=== Entries shown ===

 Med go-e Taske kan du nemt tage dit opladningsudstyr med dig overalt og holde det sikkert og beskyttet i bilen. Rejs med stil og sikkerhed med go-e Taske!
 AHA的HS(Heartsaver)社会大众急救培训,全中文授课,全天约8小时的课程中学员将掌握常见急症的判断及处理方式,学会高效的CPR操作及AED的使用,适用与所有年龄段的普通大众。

===
=== Entries shown ===

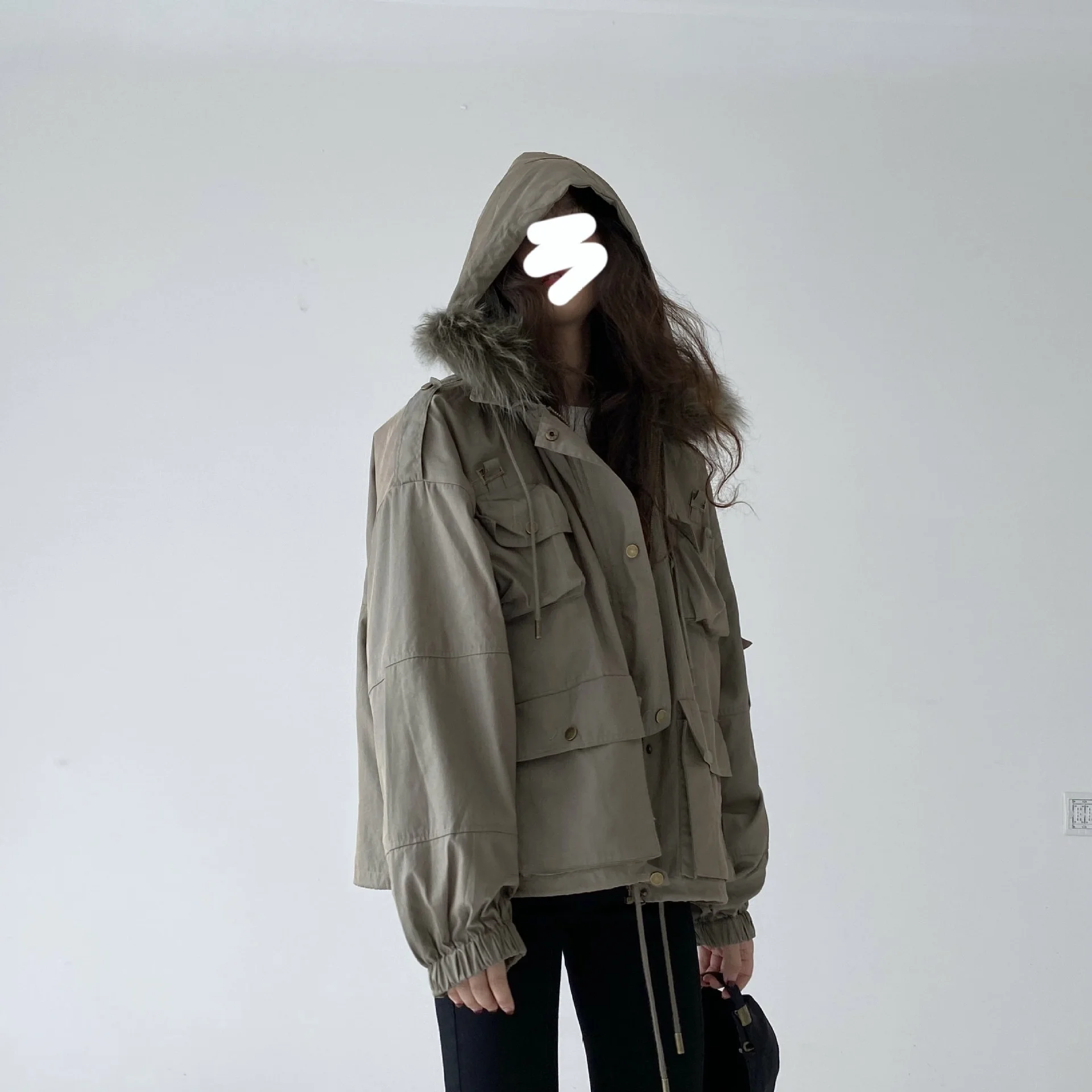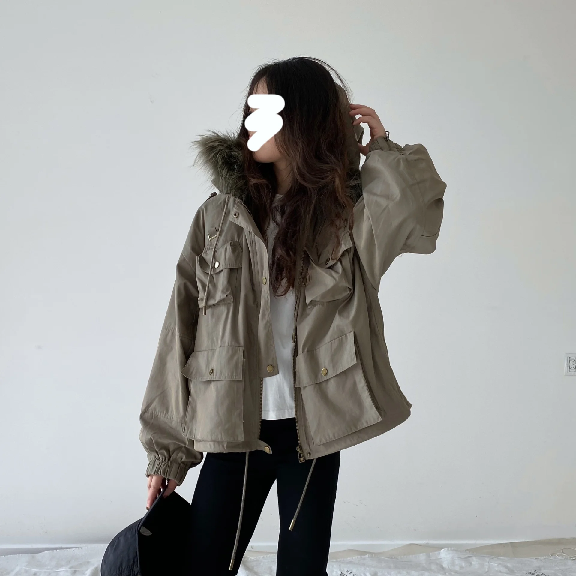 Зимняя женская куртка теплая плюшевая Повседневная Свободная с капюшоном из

===

In the material above, find the line containing "Med go-e Taske kan" and the line containing "AHA的HS(Heartsa", then write out exactly those two lines and every line between them, and nothing more.

 Med go-e Taske kan du nemt tage dit opladningsudstyr med dig overalt og holde det sikkert og beskyttet i bilen. Rejs med stil og sikkerhed med go-e Taske!
 AHA的HS(Heartsaver)社会大众急救培训,全中文授课,全天约8小时的课程中学员将掌握常见急症的判断及处理方式,学会高效的CPR操作及AED的使用,适用与所有年龄段的普通大众。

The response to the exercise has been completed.